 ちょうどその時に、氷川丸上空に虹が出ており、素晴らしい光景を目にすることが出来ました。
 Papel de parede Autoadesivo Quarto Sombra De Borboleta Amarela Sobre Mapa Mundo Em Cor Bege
##############################
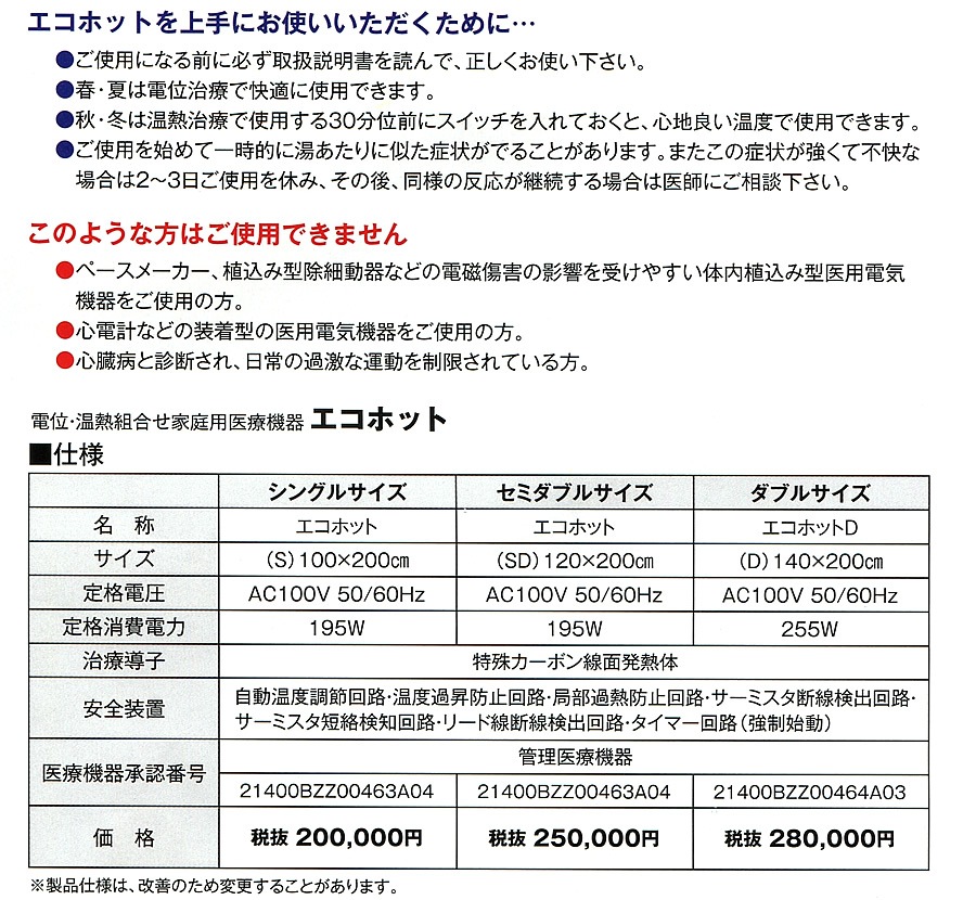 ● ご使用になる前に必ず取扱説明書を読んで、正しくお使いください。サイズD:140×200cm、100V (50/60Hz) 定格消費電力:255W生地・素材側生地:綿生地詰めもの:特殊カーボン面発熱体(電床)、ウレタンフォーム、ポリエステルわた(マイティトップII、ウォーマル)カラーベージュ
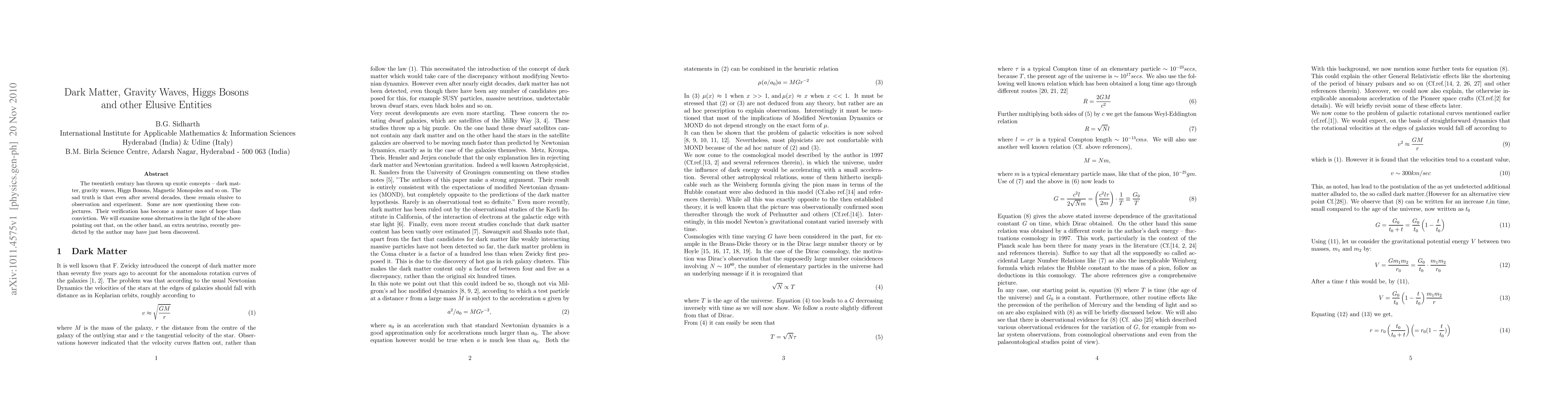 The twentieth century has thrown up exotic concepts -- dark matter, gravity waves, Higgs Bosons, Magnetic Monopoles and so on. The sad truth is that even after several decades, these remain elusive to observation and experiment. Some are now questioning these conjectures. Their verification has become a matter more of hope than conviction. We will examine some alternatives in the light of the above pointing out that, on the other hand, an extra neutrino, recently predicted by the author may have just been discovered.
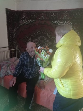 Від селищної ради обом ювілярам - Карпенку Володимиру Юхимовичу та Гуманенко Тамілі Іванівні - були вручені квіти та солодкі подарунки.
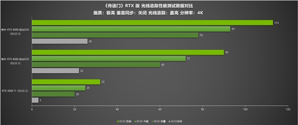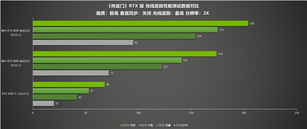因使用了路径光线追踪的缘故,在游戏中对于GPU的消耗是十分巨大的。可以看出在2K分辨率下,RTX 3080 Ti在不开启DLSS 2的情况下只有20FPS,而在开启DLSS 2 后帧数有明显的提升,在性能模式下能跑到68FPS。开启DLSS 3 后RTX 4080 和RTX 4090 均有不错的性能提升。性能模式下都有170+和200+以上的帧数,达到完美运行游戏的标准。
##############################
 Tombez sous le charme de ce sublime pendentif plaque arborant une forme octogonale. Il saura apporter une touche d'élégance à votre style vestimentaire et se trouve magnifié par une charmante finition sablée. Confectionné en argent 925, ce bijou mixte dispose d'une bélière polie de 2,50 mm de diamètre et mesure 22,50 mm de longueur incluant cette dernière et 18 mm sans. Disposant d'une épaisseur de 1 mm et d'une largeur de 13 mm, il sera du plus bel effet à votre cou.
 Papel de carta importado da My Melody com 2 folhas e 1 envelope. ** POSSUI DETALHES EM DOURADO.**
##############################
Task brief:
In the listing above, find the line holding "ちょうどその時に、氷川丸上空" and the line holding "Papel de parede", then output those two lines and every line between them exactly.

Your solution:
 ちょうどその時に、氷川丸上空に虹が出ており、素晴らしい光景を目にすることが出来ました。
 Papel de parede Autoadesivo Quarto Sombra De Borboleta Amarela Sobre Mapa Mundo Em Cor Bege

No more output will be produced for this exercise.